Navigation de plaisance

La navigation de plaisance est une activité populaire dans l’archipel du lac Saint-Pierre où les stations nautiques sont nombreuses. Toutefois, elle est reconnue pour participer aux processus d’érosion des rives, notamment par le batillage provenant des embarcations motorisées53. Plusieurs facteurs sont à considérer pour la navigation de plaisance lorsqu’il est question de batillage. En effet, l’importance de ce dernier est causée par la vitesse, la taille et la forme de la coque des embarcations, la distance de la rive et la fréquence des vagues produites. La coque et le poids des bateaux jouent donc un rôle important quant à la taille de la vague engendrée. Il a été suggéré d’imposer une taille limite des vagues produites par l’embarcation de plaisance afin de limiter l’érosion des rives. La règlementation actuelle porte sur la vitesse du navire, celle-ci étant plus facile à contrôler56.

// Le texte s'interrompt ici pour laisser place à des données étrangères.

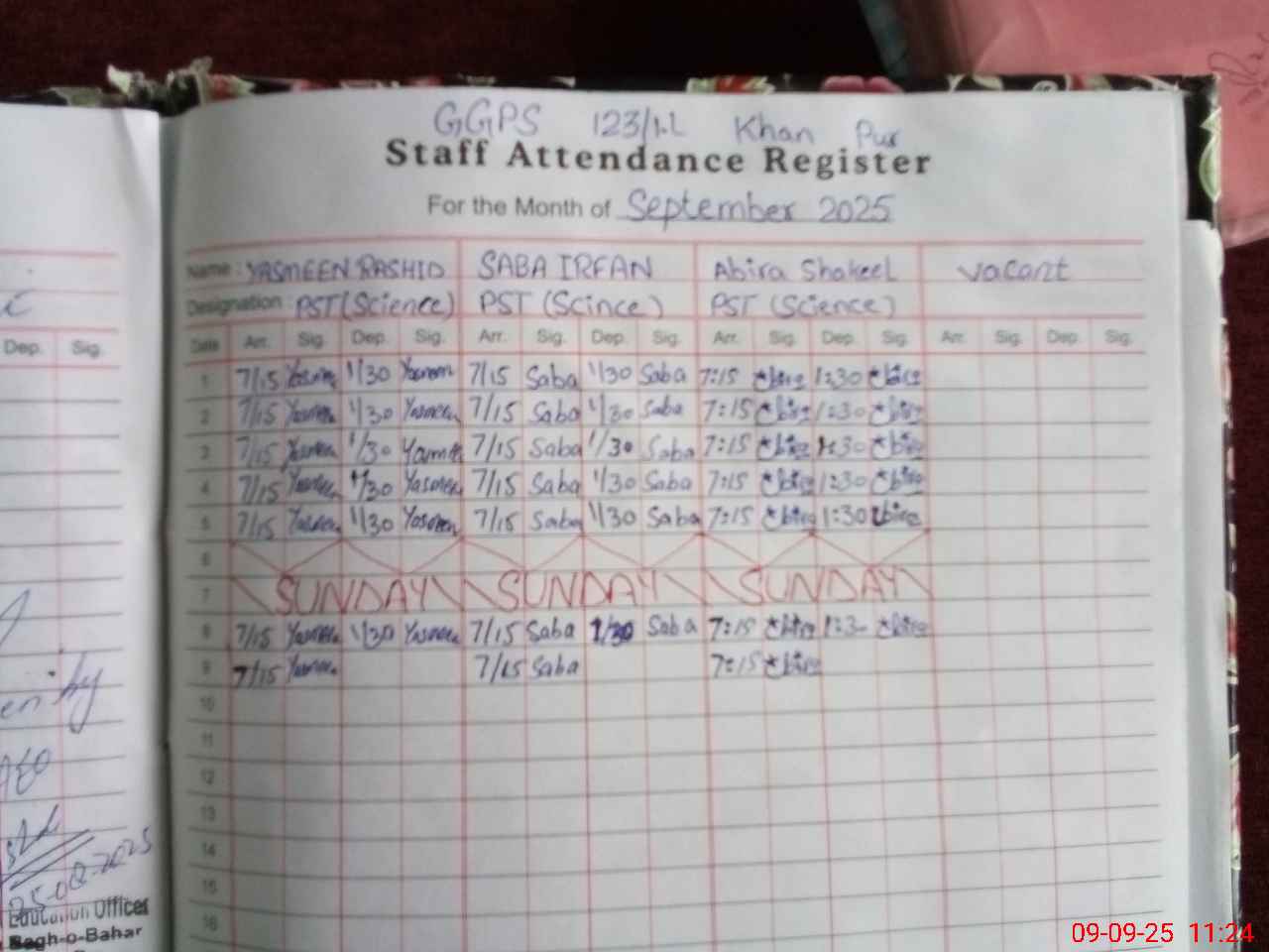 | CNIC | Full Name | Designation | R/C | Absence During Last Calender Month |

Au lac Saint-Pierre, près d’une quinzaine de chenaux sont suffisamment fréquentés par les embarcations de plaisance pour que ces dernières soient susceptibles de causer de l’érosion par le batillage. Ce sont dans les chenaux aux Corbeaux, du Moine et des Raisins que les problématiques d’érosion semblent les plus marquées (Annexe 5)53.

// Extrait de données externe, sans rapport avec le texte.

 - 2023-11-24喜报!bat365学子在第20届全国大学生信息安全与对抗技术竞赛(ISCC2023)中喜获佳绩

À l’été 1999, une visite terrain dans l’archipel a permis d’identifier les segments de rives sévèrement érodés53. Les différents chenaux présentent un total de 242 km de rives, dont 18 km sont sévèrement érodés (7 % des rives avec un recul annuel d’au moins 1 m; Figure 14) et 148 km moins sévèrement érodés (61 % des rives; Annexe 5)53. Lorsque comparé à la longueur de rives présentant des problématiques d’érosion influencées par des navires commerciaux (0,1 km), il est évident que la navigation de plaisance a un très important potentiel d’érosion par le batillage. La petite taille des embarcations de plaisance leur permettant de naviguer dans les différents chenaux et l’attrait des plaisanciers pour ces secteurs ne sont pas étrangers à cette problématique.

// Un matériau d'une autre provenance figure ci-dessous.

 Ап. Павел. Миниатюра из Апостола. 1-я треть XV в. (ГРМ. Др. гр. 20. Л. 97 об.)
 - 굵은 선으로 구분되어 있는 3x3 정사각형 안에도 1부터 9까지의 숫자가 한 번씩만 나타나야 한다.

Figure 14. Localisation des rives prioritaires du secteur de l’archipel du lac Saint-Pierre53

Ouvrages de protection des rives contre l’érosion

Dans les années 1980, un programme fédéral de protection des rives a permis la construction d’ouvrages de protection des rives (surtout de l’enrochement) sur des propriétés privées situées à moins de 915 m du centre du chenal de navigation. Des municipalités comme Sorel se sont prévalues de ce programme qui a été aboli en 199712. Les coûts très élevés des matériaux et de la main-d’œuvre liés aux travaux de stabilisation des rives empêchent la réalisation de projets à grande échelle.